The bag of words was then transformed into a numeric representation interpretable by the classifiers. Several common input representation methods were tested: (1) binary—transforming input features into 1 or 0, where 1 indicates the occurrence of a word in the report, and 0 indicates non-occurrence; (2) term frequency—converting input features into the actual frequency of occurrence for each word in the report; (3) thresholding—converting input features into one of three values (0 if a word did not occur, 1 if it occurred once, and 2 if it occurred two or more times); and (4) term frequency-inverse document frequency (tf-idf)—transforming input features into the term frequency of each word multiplied by the inverse document frequency. In tf-idf, weightings for words were computed, depending on the importance of the words.28 When a word appeared in many reports, it was considered less important. When the word was relatively unique and appeared in few reports, a greater weighting was assigned. In all cases, the input space was normalized.

Feature selection

Several feature selection strategies were tested to see if they enhance the quality of processed reports. Strategies to reduce the dimension of the feature space included: (1) excluding words that occurred in similar frequency (with a difference of <2) in both the positive and negative datasets; (2) excluding determiners, prepositions, pronouns, conjunctions, particles and misspelt words; (3) stemming, which involves regularizing grammatical variants such as singular/plural, present/past; (4) the addition of bigrams (word pairs that co-occur in text) selected through manual inspection of reports (online appendix E).
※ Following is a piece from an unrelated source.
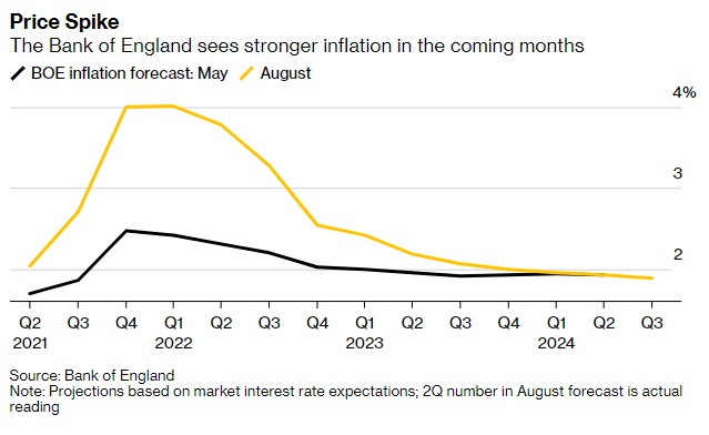 英国央行预测,到今年年底,通胀将达到4%,是其目标的两倍,然后在2022年和2023年回落。投资者开始预期,英国央行的政策制定者最早可能不得不在明年提高利率,以防止经济过热。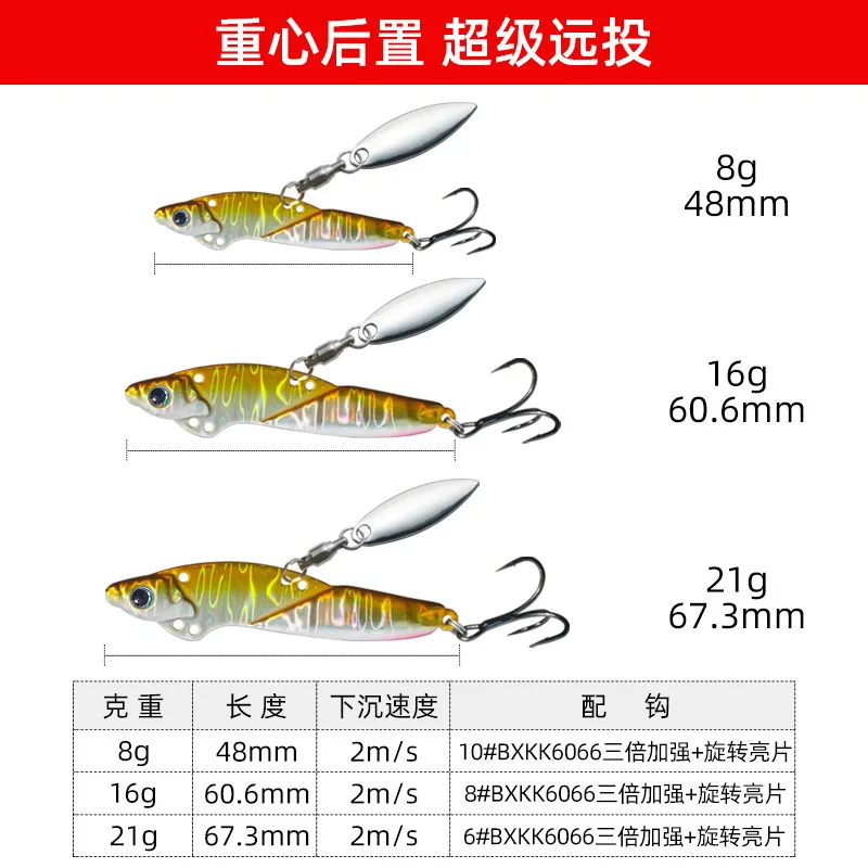 Señuelo de pesca Jigs VIB, cebo duro con vibración de fundición larga, Swimbait de doble gesto, 8g, 16g, 21g, rotación de cobre, señuelos artificiales Jigbait

Term frequency was used as a criterion for selecting bigrams, and bigrams were restricted to word sequences of length two, as bigrams with longer sequences were known to degrade classification performance.29

Training and validating the classifiers

Classifiers were trained using Naïve Bayes and SVM. The kernel function in an SVM plays the central role of implicitly mapping the input vector into a high-dimensional feature space. In this study, we considered three kernel types: linear, polynomial, and radial-basis function (RBF). Kernel parameters (degree for a polynomial kernel, and γ for an RBF kernel) and the trade-off parameter (C) were tuned to optimize an SVM classifier.30

Data mining software known as WEKA was used to train the classifiers.31 A stratified 10-fold cross-validation was applied to evaluate the classifiers.

Evaluating performance

Results were assessed using the following measures: (1) accuracy—the percentage of incidents classified correctly to be in a given category in relation to the total number of incidents tested; (2) precision—the percentage of true positives detected in relation to the total number of incidents classified for a category; (3) recall—the percentage of true positives detected in relation to the actual number of incidents in a category; (4) F-measure—the harmonic mean of precision and recall; (5) area under the curve (AUC) of the receiver operating characteristic curve; (4) κ statistics—a chance-corrected measure of agreement between the classifications and the true classes; and (5) mean absolute error.

The classifiers were evaluated in three phases: (1) the impact of input representations on the prediction accuracy of each classifier was evaluated; (2) using the best-performing input representation for each classifier, feature selection strategies were applied and evaluated; and finally (3) using the input representation and feature selection combination that produced the highest accuracy, the classifiers were optimized to achieve the best F-measure. Since disproportionate stratified sampling was used to select reports (with SAC level 1 incidents being oversampled, and the other severity categories being undersampled), the outcome of the classifiers may not reflect their actual performance on the target population. To address this, the performance metrics of the classifiers were adjusted using post-stratification weighting, so that the results from each severity category carry as much weight in the calculation of the overall results as its share in the target distribution.32 A qualitative error analysis was also performed to assess textual patterns that were most likely to contribute to misclassifications.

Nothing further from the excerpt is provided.